In certain ranges the simultaneously translate and rotation movement causes the lift of the moving object. This can be observed in a thrown ball with spin over 1000 rpm and speed in over 5 m/sec. In these parameters, the ball is moving in curved line to the target. To understand the reason for this curving, the schematic if the ball is drawn (Figure 10.17). The ball is moving to the right and rotating counter clockwise. The velocity at the top of the ball is reduced due to the rotation while the velocity at the bottom of the ball is increased. According to Bernoulli's equation, reduction or increase of the velocity changes the static pressure. Hence, the static pressure is not symmetrical and it causes a force perpendicular to the ball movement. It can be noticed the direction of the rotation changes the direction of the forces.
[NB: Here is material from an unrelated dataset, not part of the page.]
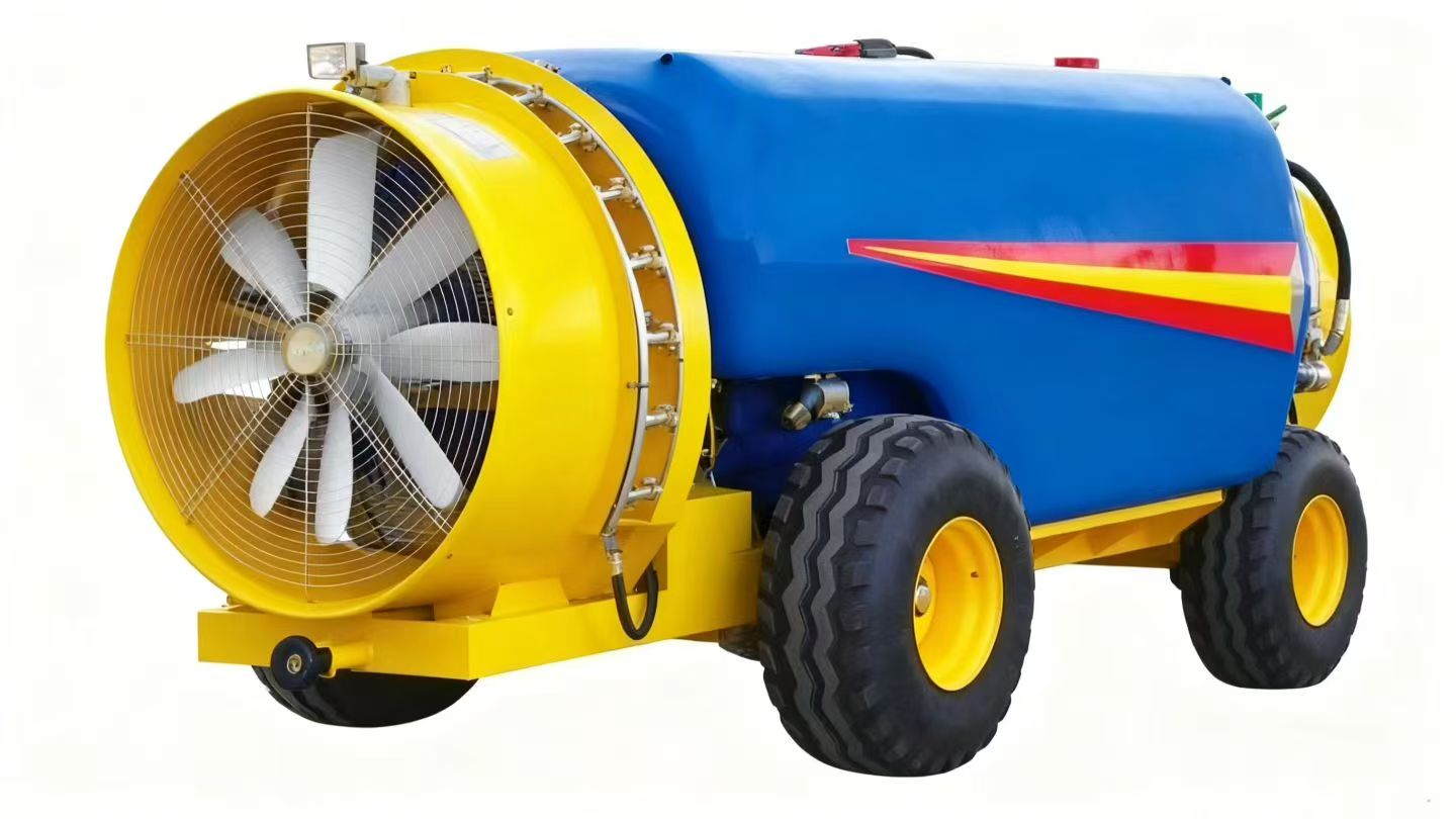 Pada terasnya adalah kipas sentrifugal yang tinggi yang menghasilkan aliran udara seragam yang kuat, dipasangkan dengan muncung tembaga laras 8-12. Gabungan ini memastikan titisan digerakkan secara merata, menembusi kanopi tanaman padat untuk menutupi permukaan daun atas dan bawah -menginisikan sisa kimia dan meningkatkan kecekapan kawalan perosak/penyakit. Pam diafragma tekanan tinggi mengekalkan tekanan yang stabil, sementara pengawal selia tekanan membolehkan pengguna tweak output berdasarkan jenis tanaman.

In addition to the change of the pressure, the resistance changes because it is a function of the velocity. In many ranges the increase of the velocity increase the resistance. Hence, there are two different velocities at the top and bottom. The resistance, as a function of the velocity, is different on the bottom as compared to the top. These two different mechanisms cause the ball to move in perpendicular direction to the flow direction. The circulation mimics the Magnus's effect and hence it is used in representative flow. In the above discussion it was used for body of perfect circular shape. However, it was observed that bodies with a very complicated shape such as airplane wing, the lift can be represented by of vortex. from the numerical method of Runge–Kutta and by the Russian Zhukovsky suggest that the dimensionless nature of vortex is controlling the any shape. The extension can be done by defining the circulation as

$\label{if:eq:generalGamma} \Gamma= \oint_{C} \mathbf{U} \boldsymbol{\cdot} \mathbf{ds}=\oint_{C} U\,\cos\theta\, ds$

Fig. 10.18 Wing in a typical uniform flow.

$\label{if:eq:kuttaJoukowski} L= -\rho_\infty\, U_\infty\,\Gamma,$

The circulation of a ball or cylinder is easy to imagine. Yet a typical air plane do not rotate. Perhaps, the representation of inviscid flow of with vortex can represent the viscous flow. For example flow airplane wing will have typical stream line such as shown in Figure 10.18. However, the viscous flow does not behaves in this fashion especially at the trailing part of the wing. The flow around the wing sheds vortexes because the sharp turn of the flow. The sheds vortexes existence is like the free vortexes since integral including these vortexes can be included in the calculations of the circulation (see equation 10.197).